By Robert J. Samuelson
Judging by the political reaction, you’d think that Paul Ryan’s budget takes a meat ax to Medicare and threatens economic havoc for the elderly. Just the opposite is true: The Ryan budget spares older people from almost any change or sacrifice — and that’s the problem. We have (and, to be fair, this is mainly the doing of Democrats and their intellectual apologists) made those 65 and over into a politically protected class, of which nothing is expected and everything is given.
It is impossible to have an honest debate about the budget — and government’s size and role — unless this changes, because aiding the elderly is now the main thing the federal government does. If you remove that, fearing a backlash from the 50 million or so Social Security and Medicare recipients, you condemn yourself to bad choices: (a) you can’t deal with deficits, which may crowd out productive investment and risk a financial crisis; (b) you must dramatically squeeze the rest of government, including the social safety net, defense and research; or (c) you must raise taxes sharply, which may further slow the economy.
It isn’t now. Democrats’ relentless campaigns against Republicans as threatening to “destroy” Social Security and Medicare have succeeded at intimidation — and, curiously, Paul Ryan is proof.
There are two Ryans: what I call the good Ryan and the bad Ryan. Probably more than anyone in Washington, the good Ryan has highlighted long-term deficits’ potential harm to our children and grandchildren. The bad Ryan has fashioned an unrealistic and undesirable budget by trying to accommodate both liberal dogma (don’t cut Social Security and Medicare benefits) and conservative dogma (don’t raise taxes). Any sensible plan must do both.
Governed by these constraints, Ryan’s budget would:
(1) Impose no cuts in Social Security — that’s 20 percent of federal spending off the table.
(2) Delay any major change in Medicare until 2023, when recipients could choose either a voucher plan or “traditional” Medicare — that’s another 16 percent of spending unaddressed for a decade.
(3) Convert the federal share of Medicaid (federal-state health insurance for the poor) into a block grant to states, and then increase the grant annually at a lower rate than at present.
(4) Increase most other federal spending, including defense, only by inflation after 2023 — a formula that makes no allowance for population growth and could lead to “real” cuts because wages and compensation typically outpace inflation.

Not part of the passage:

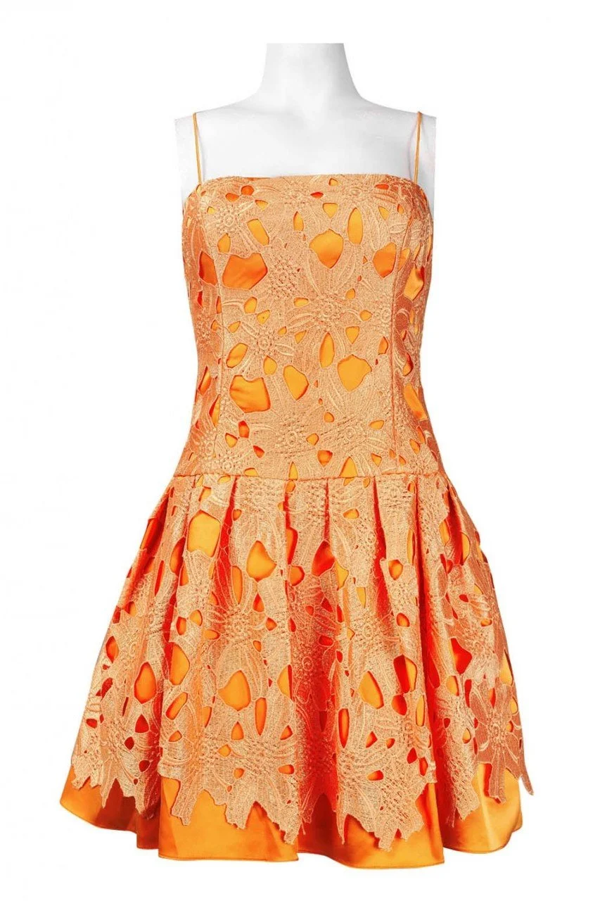 | Details: | Spaghetti straps, Pleated skirt, Back zipper closure, Orange |

(5) Hold taxes at 19 percent of GDP after 2025, just above the 18 percent average of the past 40 years.
(6) Reduce deficits but not balance the budget until 2040.

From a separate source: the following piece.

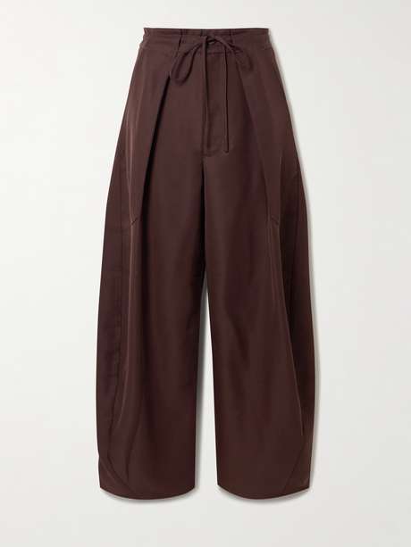 KALLMEYERs 'Clemence' pants are made from panels of wool-blend in a barrel-leg shape, which is so popular right now. They're topped with adjustable ties at the paper-bag waist and have sharp pleats that enhance the volume.

This budget would have devastating consequences. Increasing non-Social Security and health spending only at the rate of inflation would gradually shrink most other federal programs. (From 2011 to 2030, these other programs would decline by more than half, from 12.5 percent of GDP to 5.75 percent, projects the CBO.) Defense cuts could verge on unilateral disarmament. States and localities would suffer, as the value of federal grants, including Medicaid, shriveled. The FBI, the National Institutes of Health and other federal agencies would be starved.

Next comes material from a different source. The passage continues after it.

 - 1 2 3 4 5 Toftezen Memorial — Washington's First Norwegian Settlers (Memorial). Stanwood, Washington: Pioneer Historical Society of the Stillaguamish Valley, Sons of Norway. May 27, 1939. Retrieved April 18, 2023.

By contrast, the elderly would be mainly spared. Spending on them in 2030 would drop only slightly, estimates the CBO. Despite this, President Obama warns that Republicans “would end Medicare as we know it.” Liberal pundits say Republicans would “kill” Medicare. It is this cynical fear-mongering that poisons debate. One reason Democrats won’t change Social Security and Medicare is that defending them is so politically rewarding. This, as much as Republican tax intransigence, underlies the stalemate.
The cliché is true: There are no painless cures to budget deficits. But all cures are unnecessarily hard and harsh because we maintain a protected class excluded from any solution.
This op-ed appeared on the WAPO on 8/15/12.